(Stored entries)
=== Begin Enclosure ===

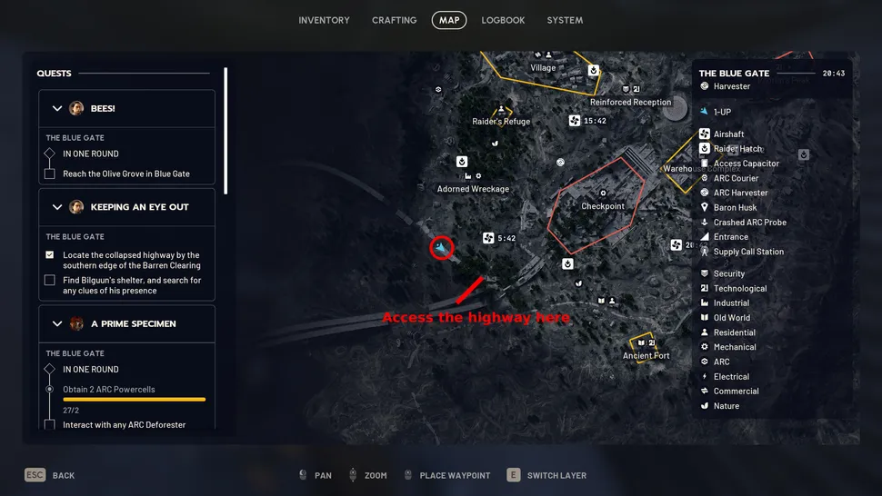 Go to the south of Blue Gate, near the extraction lift and the area known as Highway Collapse. If you're new to the area, check our Blue Gate Map Guide for general orientation. Look for the destroyed elevated highway at the southwest border of the map.
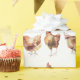 Vattenfärgstryck med tre bondgårdskycklingar.
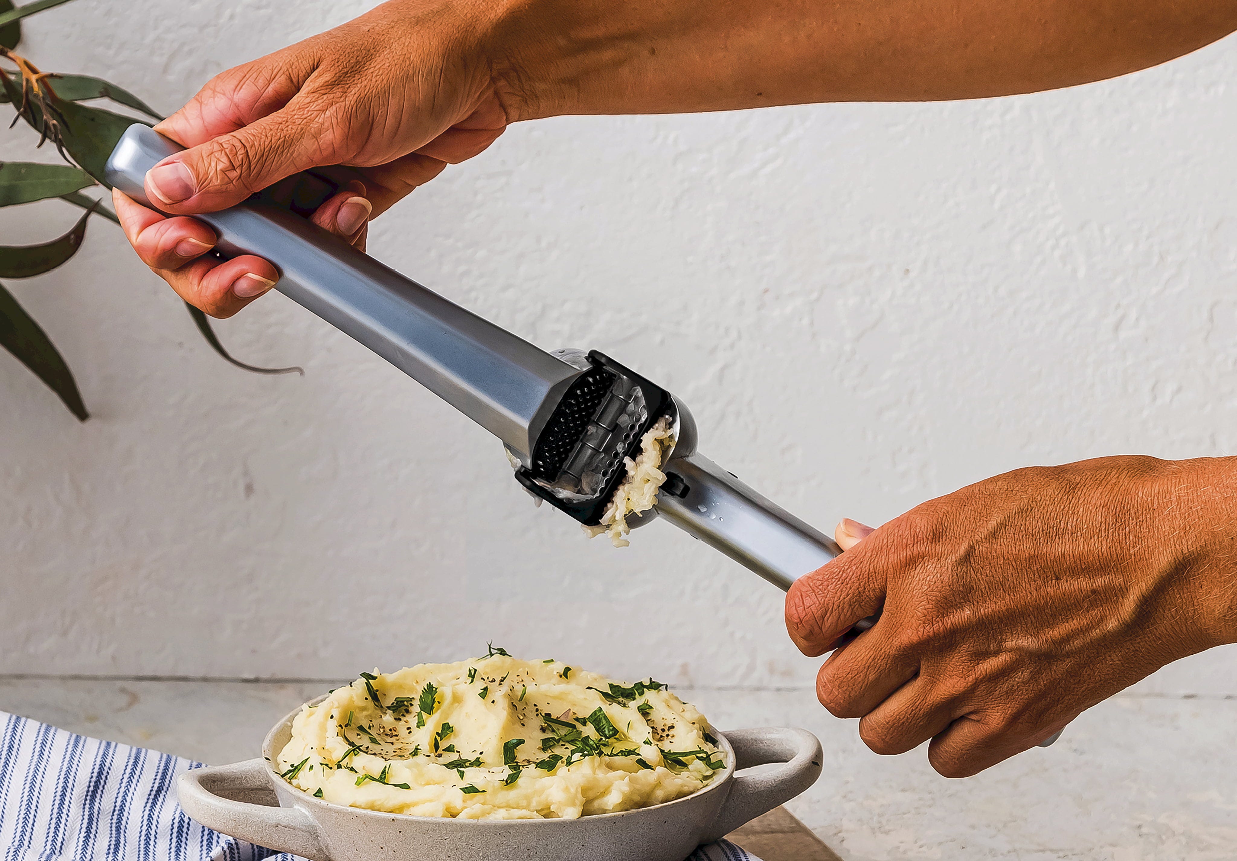 Mit der Knoblauchpresse Garject von Dreamfarm erlebst du die effizienteste Art, Knoblauch zu verarbeiten. Dank ihres kraftvollen Designs kannst du mehrere Zehen gleichzeitig pressen – und das sogar, ohne sie vorher zu schälen!
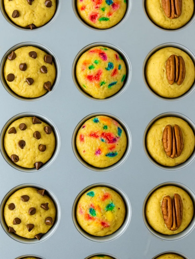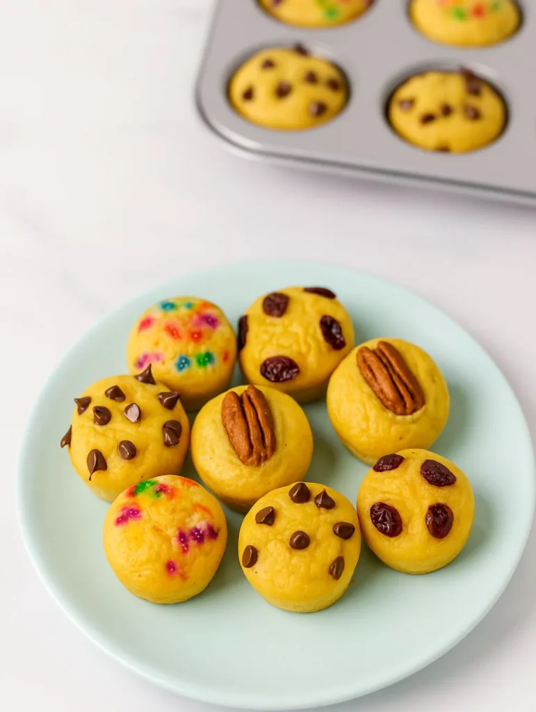 Lightly grease a mini muffin pan, spoon in your batter, top as you wish, and let the oven take over. Seven minutes later, you’re rewarded with golden-topped perfection, crisp edges, tender centers, and the aroma of a cozy café.
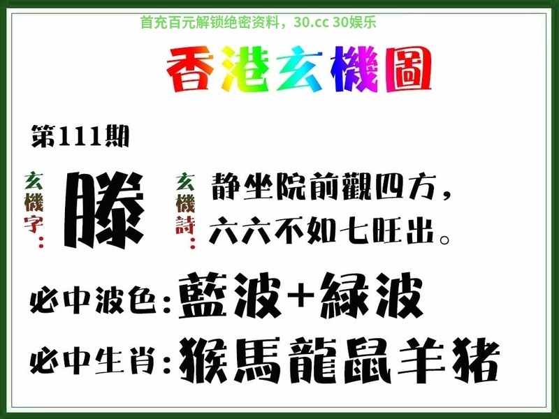 111期:╠绝杀三肖╣※羊猴蛇※开:马12准
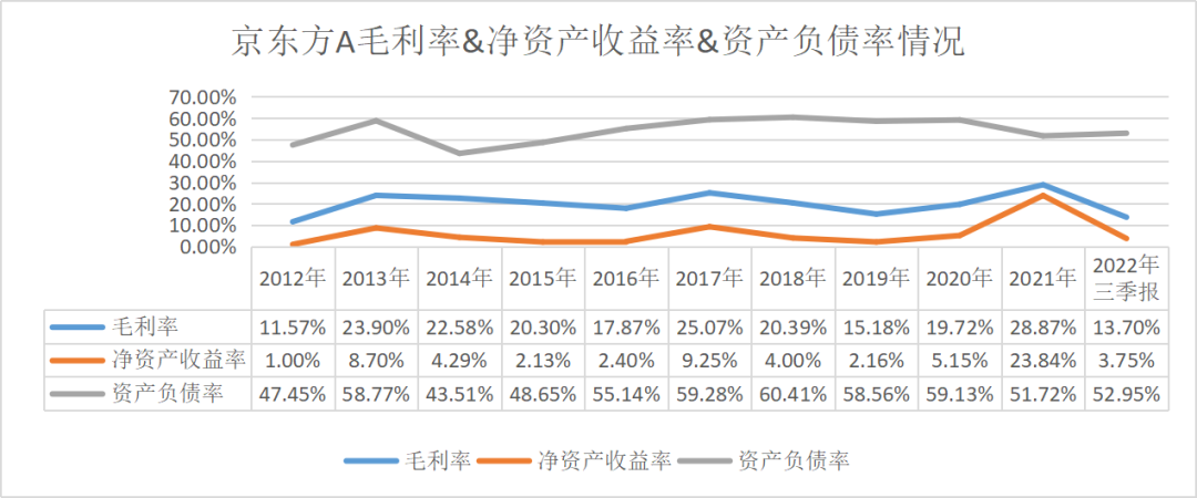 上图是京东方A的2012年到2022年三季报毛利率、净资产收益率以及资产负债率的情况,可以看到毛利率和净资产收益率基本上保持同步的走势,与上面提到的净利润的走势也相似,呈现出周期性的特征。
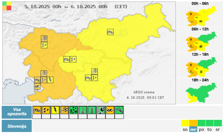 Najmočnejše padavine bodo zajele zahodno in deloma južno Slovenijo. Pričakovati je dolgotrajne nalive, ki lahko povzročijo hitro naraščanje manjših vodotokov ter lokalne poplave.
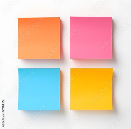 © IgnacioJulian, Fototapeta premium four different colored post it notes on a white background, vibrant cartoonish
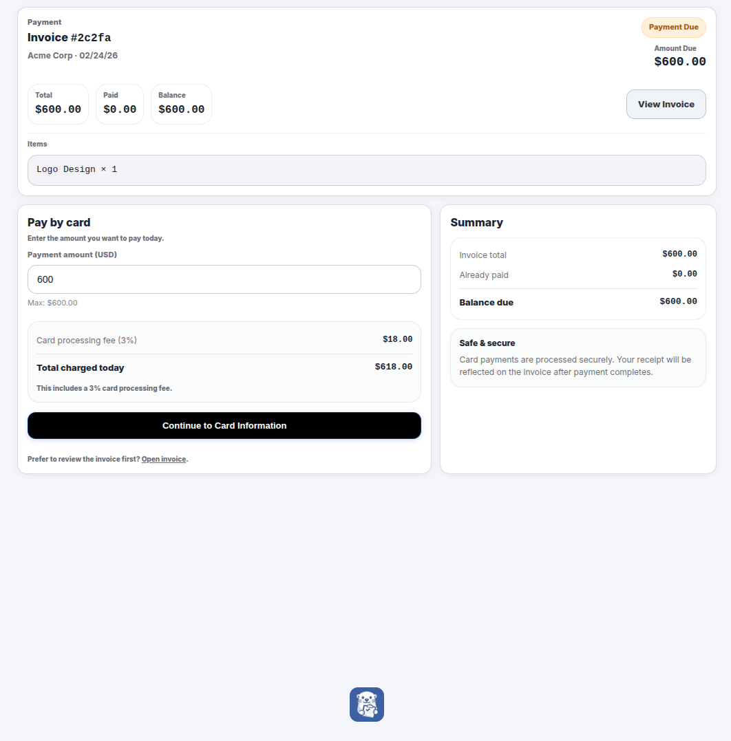 Invoice Otter combines Stripe checkout, payment logging, and payout setup so you can get paid online and keep settlement details under control.
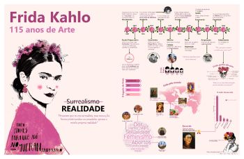 Infografia criativa sobre a vida e arte de Frida Kahlo

=== End Enclosure ===

The task> What do the lines above say from the line containing "111期:╠绝杀三肖╣※羊猴蛇※开:马12准" through the last line? Quote them exactly, both ends included, and leave out the pictures.

Written solution>
 111期:╠绝杀三肖╣※羊猴蛇※开:马12准
 上图是京东方A的2012年到2022年三季报毛利率、净资产收益率以及资产负债率的情况,可以看到毛利率和净资产收益率基本上保持同步的走势,与上面提到的净利润的走势也相似,呈现出周期性的特征。
 Najmočnejše padavine bodo zajele zahodno in deloma južno Slovenijo. Pričakovati je dolgotrajne nalive, ki lahko povzročijo hitro naraščanje manjših vodotokov ter lokalne poplave.
 © IgnacioJulian, Fototapeta premium four different colored post it notes on a white background, vibrant cartoonish
 Invoice Otter combines Stripe checkout, payment logging, and payout setup so you can get paid online and keep settlement details under control.
 Infografia criativa sobre a vida e arte de Frida Kahlo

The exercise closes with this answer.